# Pond has a ton of dead fish.



## Kevan (Sep 19, 2010)

We just noticed yesterday that out pond has a ton of dead fish and frogs around the edges. Most of them are small but there are a few bigger ones. Hoping that they all didn't die. What's the easiest way to clean them up? Do you wait until they float or try and take it. 

Did anyone else come across this problem? This is the first time this had happened to me but this is my first pond that we dug and stocked three years ago. 

I'm thinking that it just got too cold and the loss of oxygen killed them. It's a shame that there is not much I can do about it either as I have geothermal coils in the bottom of the pond (stupid idea don't do that unless you absolutely have to. Have had nothing but problems) 
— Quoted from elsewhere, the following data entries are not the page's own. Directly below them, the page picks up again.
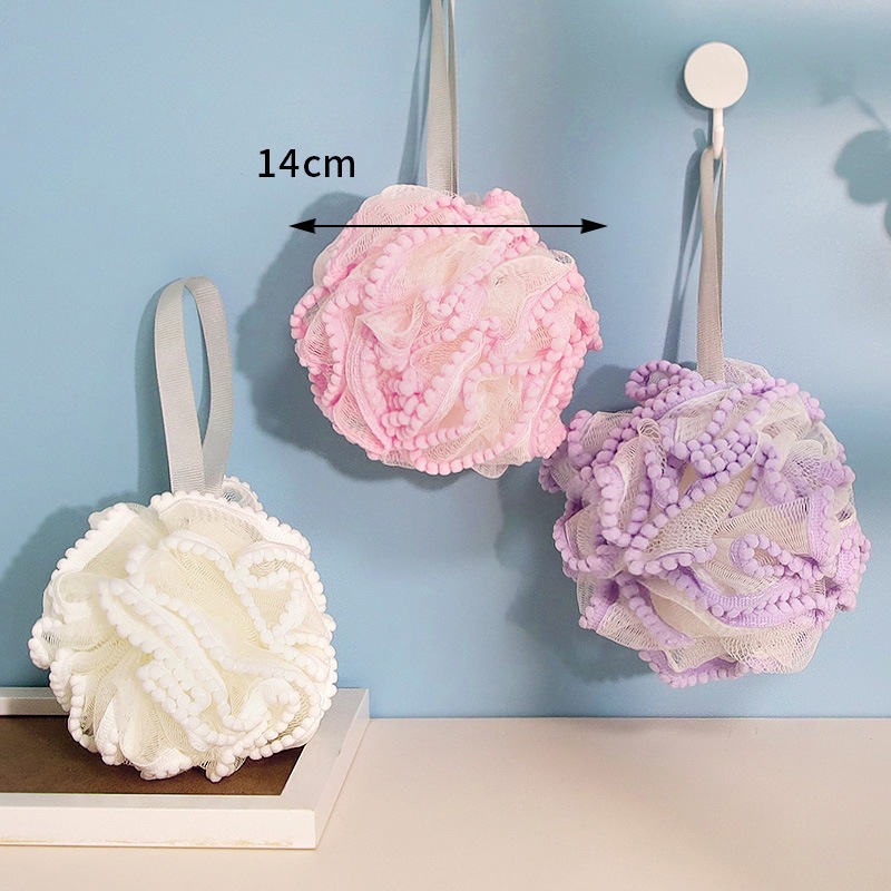 花が飛ばないPEバスボール、超柔らかいバスレースバスボール、大きなサイズ、柔らかく泡立ち、快適な背中こすり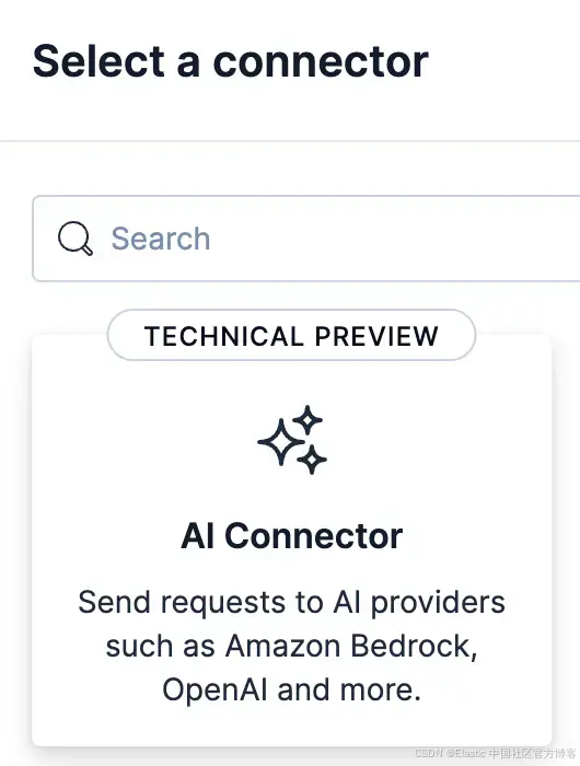 如果你使用 serverless,你需要从 Stack Management Connectors 页面创建一个新的 connector。首先,点击 AI Connector。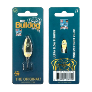 Two fishing lures are displayed in their original packaging. The lures are designed to look like a bulldog's head and are labeled 'OGP Bulldog'. The packaging is blue with a white label featuring the bulldog logo and the words 'The Original!' and 'OG LURE.COM'. Each lure has a unique barcode and is packaged in a clear ... | Ogp Bulldog 24k Gold 7 Gr - Blink | 4f0fc498cbfa6d5ddef322da1f4728e8cc89415aed15cfb12fa3338b15f04a23 | 000720979713 | 0 | 0 | 58 | 8 | 0 | 0 | |
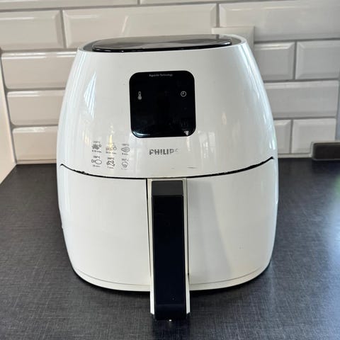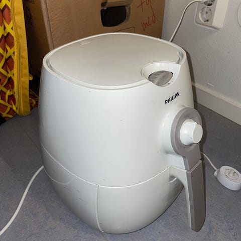 Fritös i rostfritt stål med avtagbar korg och lock. Utformad för att enkelt kunna friteras olika livsmedel. Svart färg på handtag och lockdetaljer.

My pond is roughly 1/2 acre and about 16' deep in the middle. I can't put any typ of aerator in it over the winter because it will mess with my geothermal and I'll be running on electric heat. I'm about done with the pond loops. I've been holding off on putting in ground loops because I have 7 of them and at a cost of about $1800 a loop is pretty tough to take on.


----------



## JimP (Feb 8, 2002)

It's the cycle of life, probably just as easy to pretty much leave the dead stuff alone.
Heron's, Crayfish, Turtles & Larger fish that survived will probably benefit and do the clean up for you.


----------



## Kevan (Sep 19, 2010)

I figured I would just get the ones that floated up to shore and leave the ones that don't as long as it doesn't start to smell. I can't imagine that they all died but I'm not sure. I stocked it three years ago with around 500 fish. I haven't seen that many big ones do hopefully I'm ok.


----------



## joe c. (Dec 25, 2010)

were running an open loop geo,water goes right into pond.Do you not have good water supply for one.


----------



## Kevan (Sep 19, 2010)

I have city water. No well. I never really thought of that though. Would I only need one well for a 6 ton system? A well would be a hell of a lot cheaper than loops.


----------



## Chromedoggy (Mar 25, 2007)

It likely was oxygen depletion. You should consider a surface bubbler if you can't run an aireator. I would call Stoney Creek in Grant for advice


----------



## k9wernet (Oct 15, 2007)

http://www.michigan.gov/som/0,4669,7-192-29938-324934--,00.html



> DNR says fish kills may be common following this winter's extreme conditions
> 
> Contact: Gary Whelan or Chris Freiburger, 517-284-5830 or Ed Golder, 517-284-5815
> Agency: Natural Resources
> ...


----------



## joe c. (Dec 25, 2010)

You defiantly want A well our 4ton water furnace unit uses about6 gallons per minute Maybee more. We have A 1600 sq ft ranch everything is electric we keep the thermo set at 68 our average bills this past winter were about 320.00. Summer running air set at 70 bills are about 150 for whole house.


----------



## Robert Holmes (Oct 13, 2008)

If it killed the frogs more than likely it is a total loss. You might try just restocking. You might try just drilling holes in the winter it might let enough oxygen in that you do not need an aerator.


----------



## Kevan (Sep 19, 2010)

I just talked to my geo guy about doing the open loop system. Biggest cost would be the well which I would have done myself prob about 3k then I guess there's a water storage tank that's about 1k. Then for him switching it over about another 800. Wish I would have know that at three years ago!! What a waste of money on the loops. He said that each ton uses about 1.5gal per min and one well would be fine as I have a 6ton and wells will produce about 17gal per min. 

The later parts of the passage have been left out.